Task objective: Look below for the line containing "встроенный GPS-приемник. |", then write out that line and every line after it to the end, exactly, minus the pictures.

Recorded information:

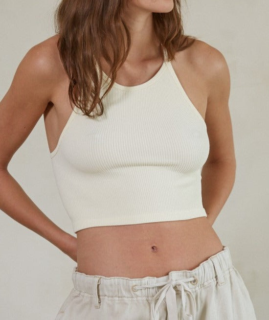 Get ready to fall in love with our "KNOWN" tank top! This halter style tank boasts a seamless and ribbed design for ultimate comfort. Available in cream and vintage mocha, you'll never want to take it off. Show off your style and feel confident in this must-have tank.
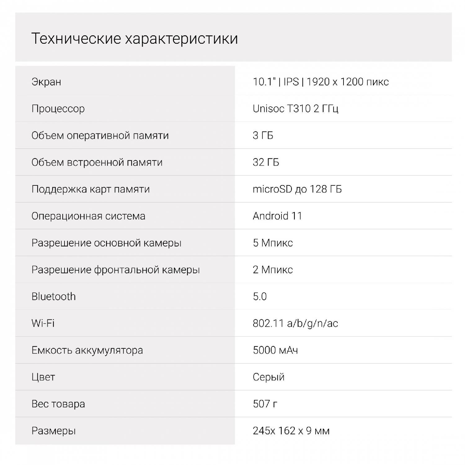 | Плюсы: | Бюджетный планшет с 4G-поддержкой. Он оснащен Android 11, 3 ГБ оперативной памяти и 32 ГБ встроенной памяти, которую можно расширить до 128 ГБ с помощью карты microSD. Дисплей 10,1 дюйма имеет хорошую четкость и яркость. Камеры на 5 Мп и 2 Мп позволяют делать фотографии и видео, а также проводить видеовызовы. Он также имеет встроенный GPS-приемник. |
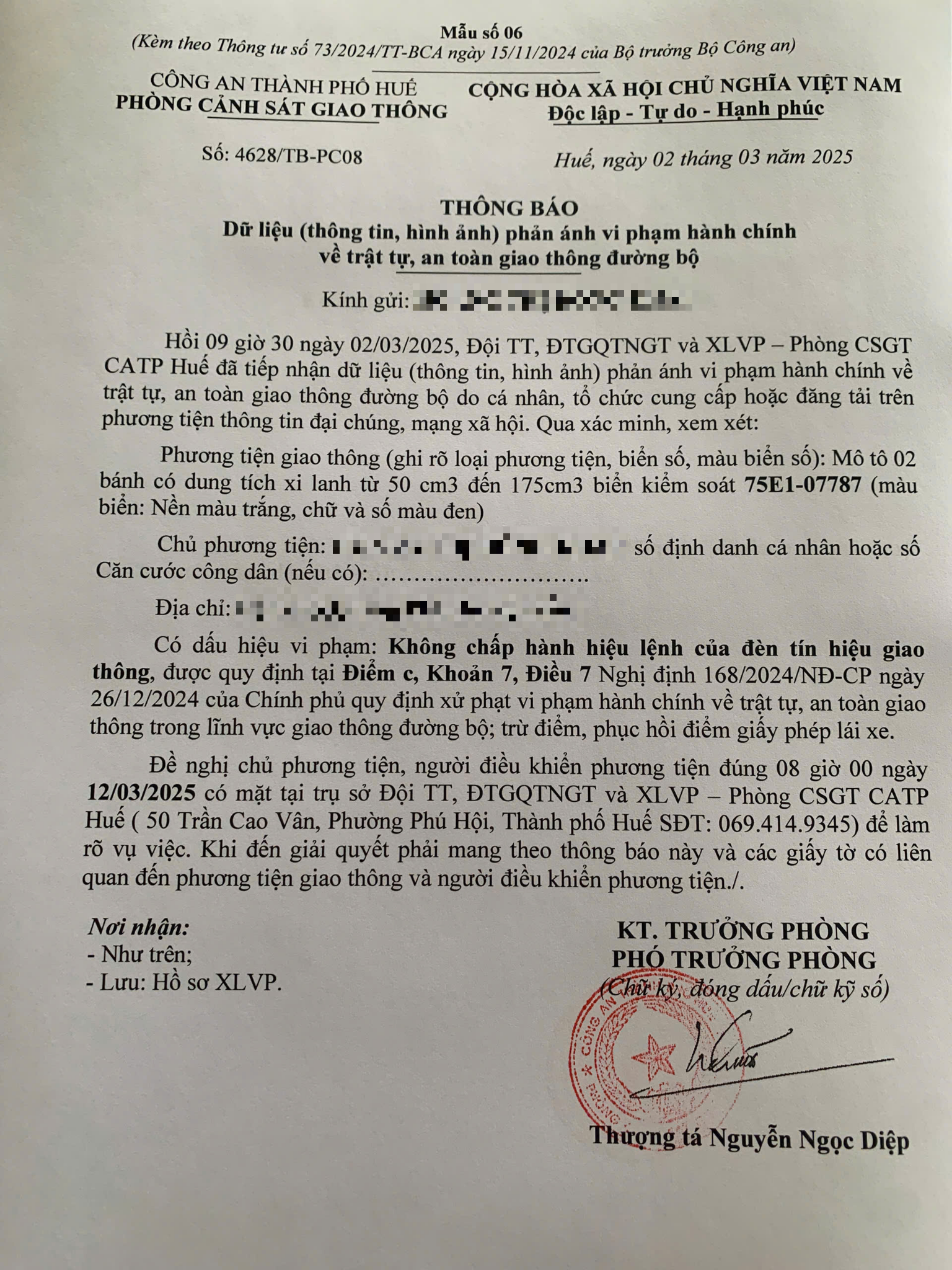 Vấn đề quý Ông/Bà phản ánh, Công an thành phố Huế kiểm tra và xin thông báo kết quả như sau:

Exercise solution:
 | Плюсы: | Бюджетный планшет с 4G-поддержкой. Он оснащен Android 11, 3 ГБ оперативной памяти и 32 ГБ встроенной памяти, которую можно расширить до 128 ГБ с помощью карты microSD. Дисплей 10,1 дюйма имеет хорошую четкость и яркость. Камеры на 5 Мп и 2 Мп позволяют делать фотографии и видео, а также проводить видеовызовы. Он также имеет встроенный GPS-приемник. |
 Vấn đề quý Ông/Bà phản ánh, Công an thành phố Huế kiểm tra và xin thông báo kết quả như sau:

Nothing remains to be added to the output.